The followings are the contents of .s files:
handle_read:
.LFB20:
.cfi_startproc
pushq %r12
.cfi_def_cfa_offset 16
.cfi_offset 12, -16
pushq %rbp
.cfi_def_cfa_offset 24
.cfi_offset 6, -24
movq %rsi, %r12
pushq %rbx
.cfi_def_cfa_offset 32
.cfi_offset 3, -32
movq 8(%rdi), %rbx
movq %rdi, %rbp
movq 160(%rbx), %rsi
movq 152(%rbx), %rdx
cmpq %rdx, %rsi
jb .L394
cmpq $5000, %rdx
jbe .L421
handle_read:
.LASANPC20:
.LFB20:
.cfi_startproc
pushq %r15
.cfi_def_cfa_offset 16
.cfi_offset 15, -16
pushq %r14
.cfi_def_cfa_offset 24
.cfi_offset 14, -24
pushq %r13
.cfi_def_cfa_offset 32
.cfi_offset 13, -32
pushq %r12
.cfi_def_cfa_offset 40
.cfi_offset 12, -40
pushq %rbp
.cfi_def_cfa_offset 48
.cfi_offset 6, -48
movq %rdi, %rbp
addq $8, %rdi
pushq %rbx
.cfi_def_cfa_offset 56
.cfi_offset 3, -56
movq %rdi, %rax
shrq $3, %rax
subq $24, %rsp
.cfi_def_cfa_offset 80
cmpb $0, 2147450880(%rax)
jne .L1170
movq 8(%rbp), %rbx
leaq 160(%rbx), %r13
movq %r13, %r15
shrq $3, %r15
cmpb $0, 2147450880(%r15)
jne .L1171
leaq 152(%rbx), %r14
movq %rsi, %r12
movq 160(%rbx), %rsi
movq %r14, %rax
shrq $3, %rax
cmpb $0, 2147450880(%rax)
jne .L1172
movq 152(%rbx), %rdx
leaq 144(%rbx), %rcx
cmpq %rdx, %rsi
jb .L1054
cmpq $5000, %rdx
jbe .L1055
movl $httpd_err400form, %eax
shrq $3, %rax
cmpb $0, 2147450880(%rax)
jne .L1173
movl $httpd_err400title, %eax
movq httpd_err400form(%rip), %r8
shrq $3, %rax
cmpb $0, 2147450880(%rax)
jne .L1174
handle_read:
.LFB20:
.cfi_startproc
pushq %r12
.cfi_def_cfa_offset 16
.cfi_offset 12, -16
pushq %rbp
.cfi_def_cfa_offset 24
.cfi_offset 6, -24
movq %rsi, %r12
pushq %rbx
.cfi_def_cfa_offset 32
.cfi_offset 3, -32
movq 8(%rdi), %rbx
movq %rdi, %rbp
movq 160(%rbx), %rsi
movq 152(%rbx), %rdx
cmpq %rdx, %rsi
jb .L384
cmpq $5000, %rdx
jbe .L411
Can anyone tell me how these codes prevent buffer overrun?
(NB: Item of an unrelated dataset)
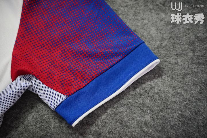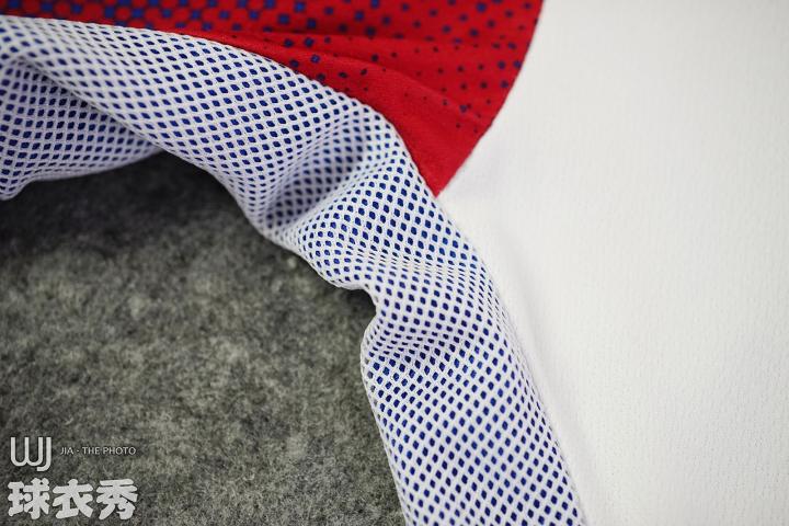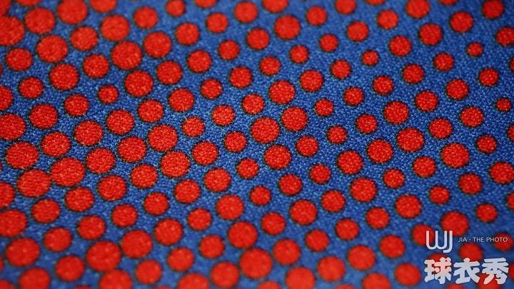 ↑球衣侧面搭配特殊的双层网状面料,透过该面料可以看见底层的蓝色设计。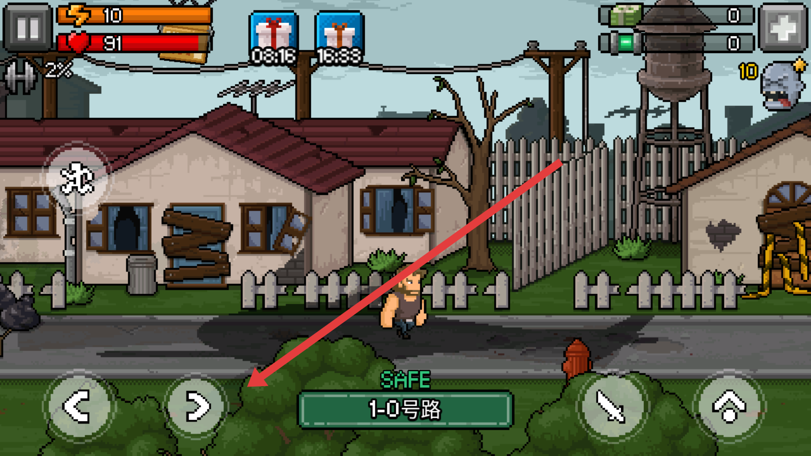 3、关卡场景中,操控角色移动至“1-0号路”,沿箭头方向探索,收集资源、躲避/攻击僵尸,推进生存挑战。

Your handle_read function doesn't end up allocating anything on the stack so there's nothing for -fstack-protector-strong to protect, and so this option makes no difference. The -zexecstack option sets a flag in the generated executable, telling the operating system that it should allow code stored in the stack to be executed. It has no effect on the generated assembly.
Only -fsanitize=address option has an effect that shows up in the generated assembly output you've posted. It's responsible for the shrq $3, rXX; cmp $0, 2147450880(%rXX); jne .LXXXX sequences that appear in your second block of generated assembly. These instructions look up each address in memory that function accesses in a "shadow memory" table. The table records which locations are have been allocated and which haven't. If the inserted code detects that the program is attempting to access a memory location that hasn't be allocated yet it will cause program to exit with an error message.
For more details on how the shadow memory table works, and how AddressSanitizer works in general, you can read the author's Usenix paper AddressSanitizer: A Fast Address Sanity Checker.